Directions for this task: What you should give back is a precise copy of the lines below from the one containing "Brought to you" through the one containing "The Alachua County", with no pictures.
┏━━
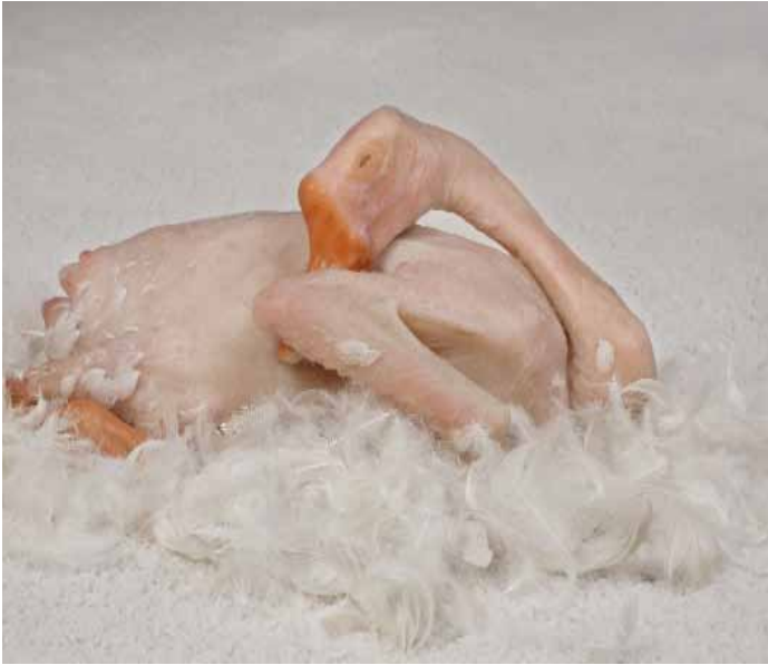
IMAGE: Shen Shaomin, I sleep on top of myself, 2011, (detail of production image), silica gel simulation, dimensions variable. Courtesy the artist
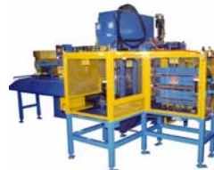
Cut to Length
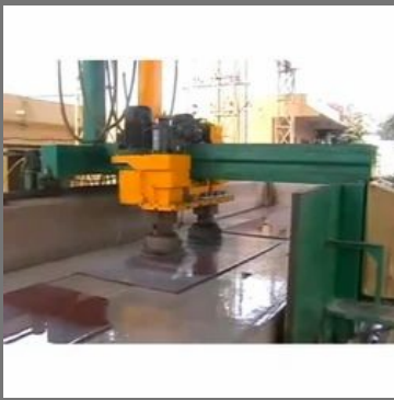
Double Head Polishing Machine
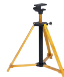
AT-812 Antenna Tripod
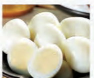
Quail Egg 鵪鶉蛋 2 mins
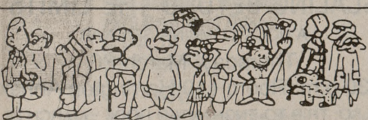
Day students get their news from the Batt.
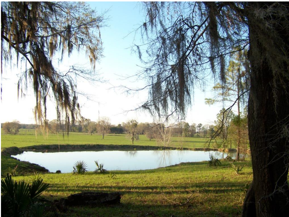
View of Pasture with small Livestock Water Pond
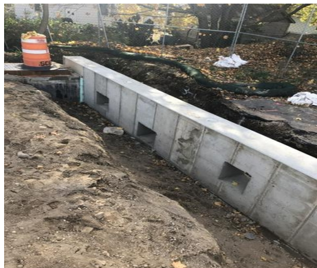
Retaining Wall on Site West Side with Future Conduit Openings
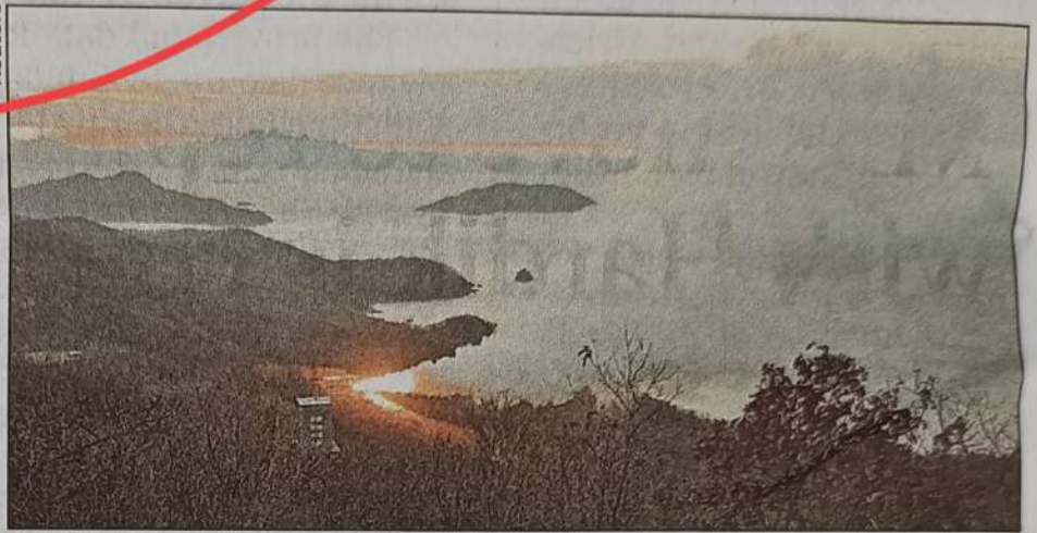
A Nov 15 photo of North Korea testing new solid-fuel engines for an ICBM

in breach of UNSC resolutions and would make the Korean peninsula less secure.
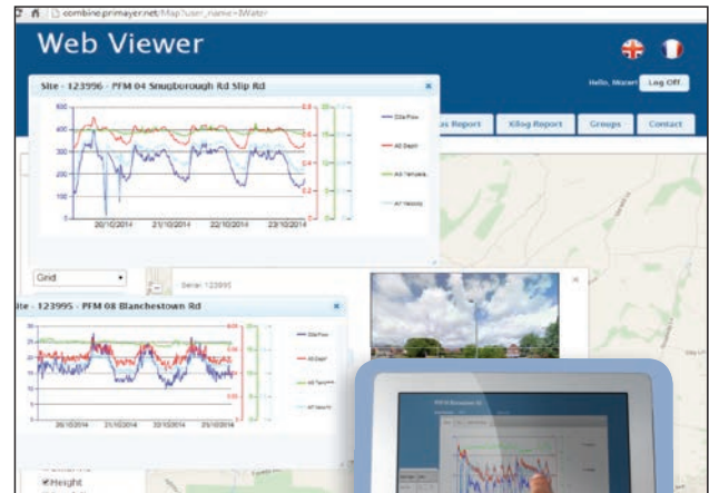
Network hydraulic data available on Google Maps*

PrimeFlo3 data can be managed using the PrimeWorks water data management software. Data is also available via the PrimeWeb on-line network monitoring facility giving remote access to observe changes in network conditions, water usage, nightlines, etc. PrimeFlo3 data can be displayed via Google Maps*.
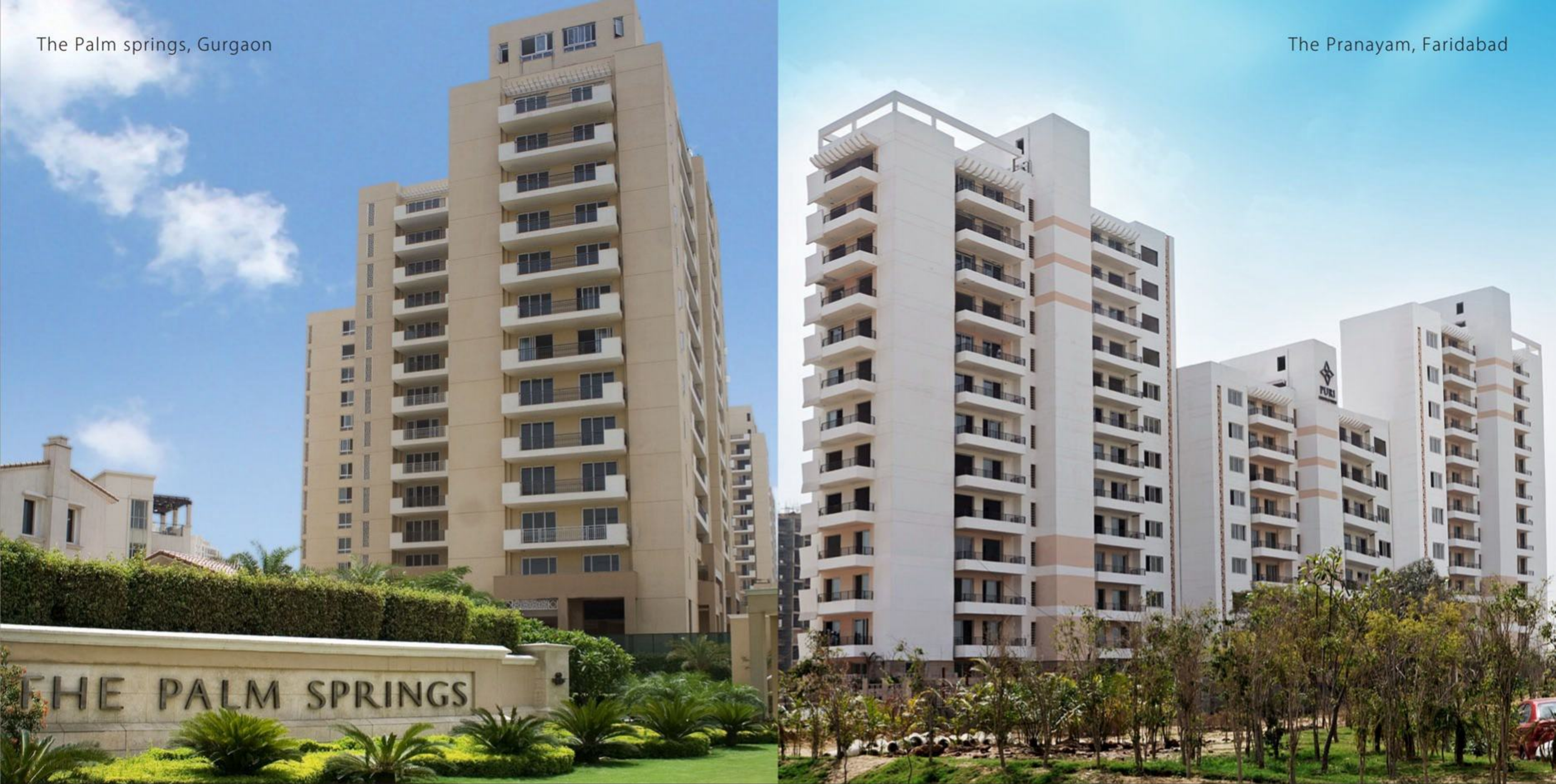
The Pranayam, Faridabad

Brought to you by the creators of The Pranayam, Faridabad and The Palm Springs, Gurgaon
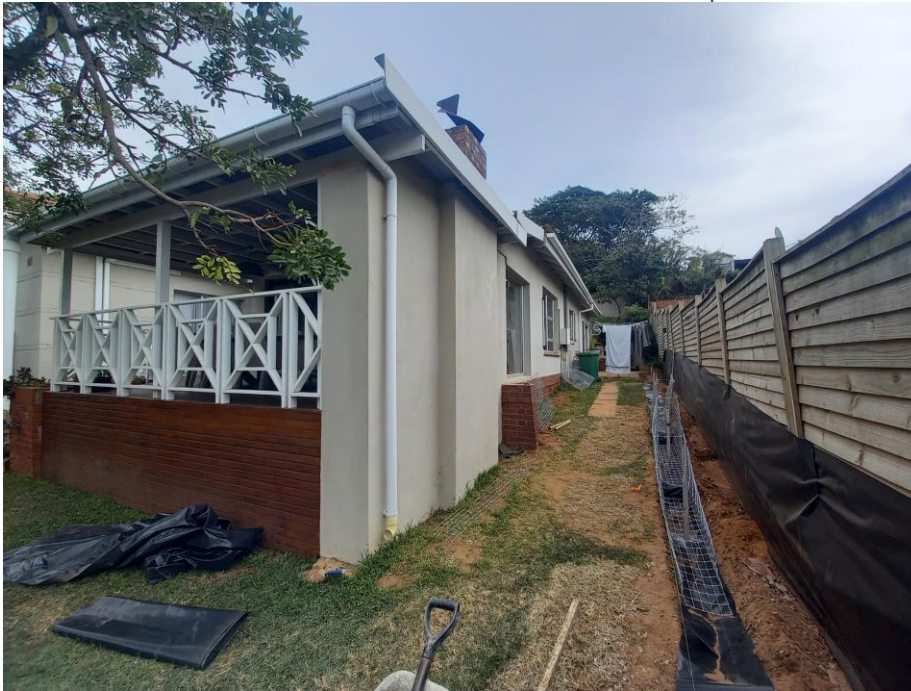
LEFT VIEW OF DWELLING
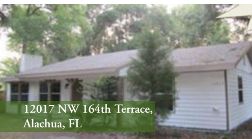
12017 NW 164th Terrace, Alachua, FL

The Alachua County Department of Growth Management is pleased to announce that purchase offers are now being accepted for three recently renovated homes purchased by Alachua County through the Neighborhood Stabilization Program, (NSP). One home is located in unincorporated Alachua County at 3713 SE 14th Terrace; one home is located at 3009 NE 11th Terrace, in northeastern Gainesville. The third home is located at 12017 NW 164th Terrace, Alachua, FL.
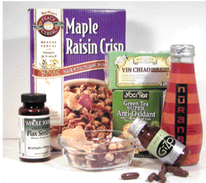
From left to right: Flax seed oil capsules, a source of omega 3's, Herbal cereal with ginger and fennel to aid in healthy digestion, Yin Chiao an herbal preventative, Green Tea as an Anti-Oxidant, Gizo "kava shooter" for relaxation and focus, and Nurana which contains kola nut, guarana and green tea for energy. Front: Soup mixture of dry abalone, lycii, dioscorea, lilly bulb and lotus seed to aid in overall health.

And finally there is soy. "Soy represents a tremendous opportunity in the food industry. CBS MarketWatch reported that by 2005 soy milk sales should hit the $1 billion mark, from the current $420 million, while total soy
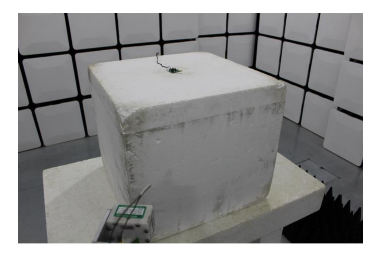
---End of Attachment---
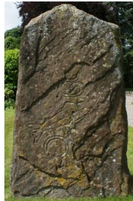
Fig. 4 Glamis Class I symbol stone.

Class I: These are erratic boulders or roughly prepared slabs of stone, decorated with groups of incised or pecked symbols, such as animals and various objects, but no crosses (fig. 4). They are seen as the earliest stones, dating from up to the late seventh century.
┗━━
Your solution:
Brought to you by the creators of The Pranayam, Faridabad and The Palm Springs, Gurgaon
LEFT VIEW OF DWELLING
12017 NW 164th Terrace, Alachua, FL

The Alachua County Department of Growth Management is pleased to announce that purchase offers are now being accepted for three recently renovated homes purchased by Alachua County through the Neighborhood Stabilization Program, (NSP). One home is located in unincorporated Alachua County at 3713 SE 14th Terrace; one home is located at 3009 NE 11th Terrace, in northeastern Gainesville. The third home is located at 12017 NW 164th Terrace, Alachua, FL.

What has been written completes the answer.